Recorded information =>

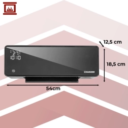 Elegants pie sienas stiprināms gaisa aizkars KAMINER ZELVION apvieno mūsdienīgu dizainu ar jaudīgu veiktspēju mājās, birojos un veikalos. Pateicoties trim režīmiem (ventilācija / silts / karsts gaiss), tas ir ideāli piemērots lietošanai visu gadu. Wi‑Fi vadība (Tuya Smart) un tālvadības pults nodrošina pilnīgu kontroli pār apkuri no jebkuras vietas.
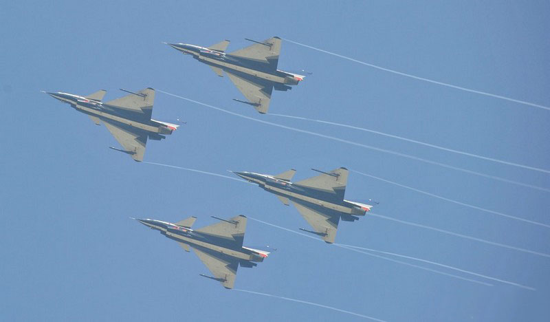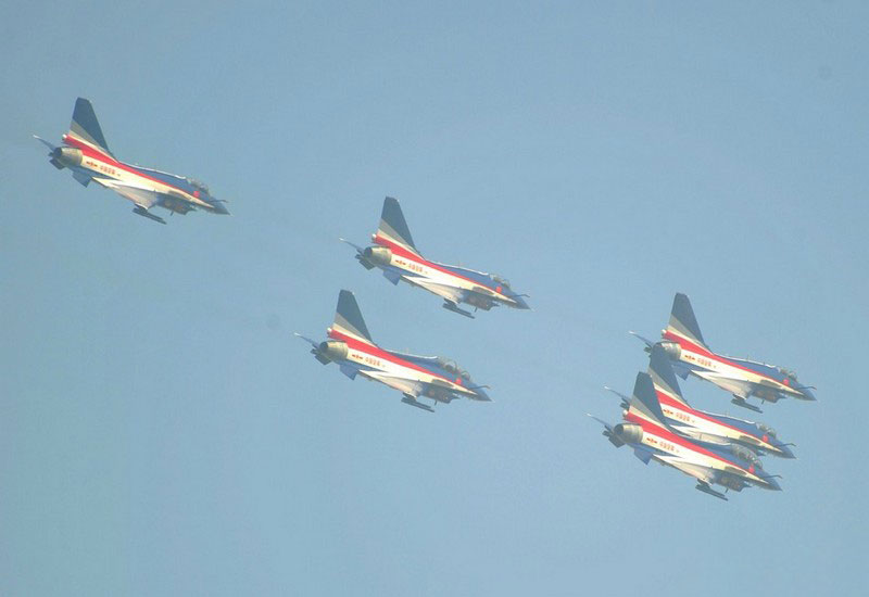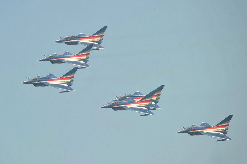 【環(huán)球網(wǎng)赴珠海航展特派報(bào)道組綜合報(bào)道】第九屆中國國際航空航天博覽會(huì)(珠海航展2012)將于11月13日-18日在廣東省珠海市金灣區(qū)三灶鎮(zhèn)隆重舉行。開展當(dāng)日,中國空軍八一飛行表演隊(duì)的6架殲-10戰(zhàn)機(jī)翱翔藍(lán)天,漫步云端。
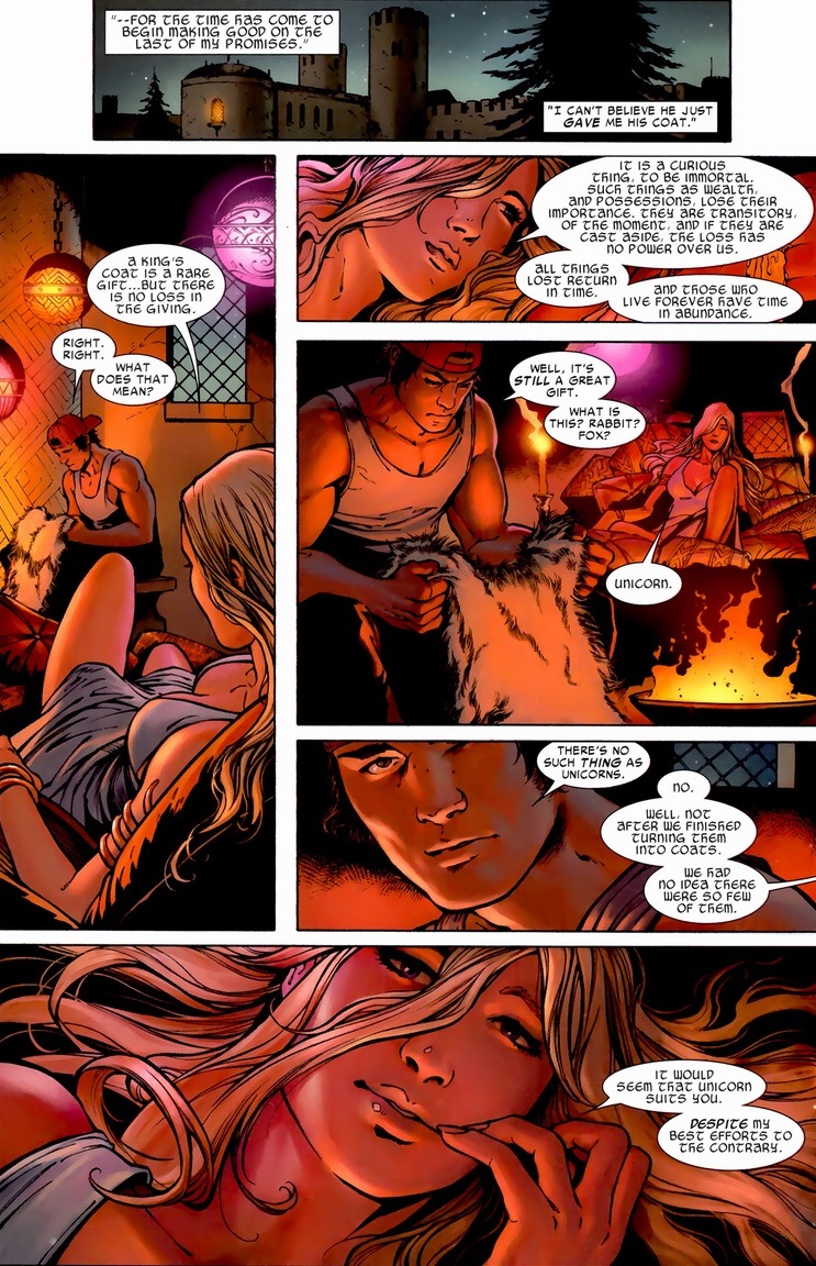Are you sad that there’s less flirty banter than the first part?  Don’t you worry, because a near-death experience prompts Bill and Kelda to lie in sensual anticipation with the three most romantic symbols of Asgardian culture: a bed, fine clothing, and heavy weaponry.

Task description => Quote each line of the listing exactly, but leave the pictures out.

Written answer =>
 Elegants pie sienas stiprināms gaisa aizkars KAMINER ZELVION apvieno mūsdienīgu dizainu ar jaudīgu veiktspēju mājās, birojos un veikalos. Pateicoties trim režīmiem (ventilācija / silts / karsts gaiss), tas ir ideāli piemērots lietošanai visu gadu. Wi‑Fi vadība (Tuya Smart) un tālvadības pults nodrošina pilnīgu kontroli pār apkuri no jebkuras vietas.
 【環(huán)球網(wǎng)赴珠海航展特派報(bào)道組綜合報(bào)道】第九屆中國國際航空航天博覽會(huì)(珠海航展2012)將于11月13日-18日在廣東省珠海市金灣區(qū)三灶鎮(zhèn)隆重舉行。開展當(dāng)日,中國空軍八一飛行表演隊(duì)的6架殲-10戰(zhàn)機(jī)翱翔藍(lán)天,漫步云端。
Are you sad that there’s less flirty banter than the first part?  Don’t you worry, because a near-death experience prompts Bill and Kelda to lie in sensual anticipation with the three most romantic symbols of Asgardian culture: a bed, fine clothing, and heavy weaponry.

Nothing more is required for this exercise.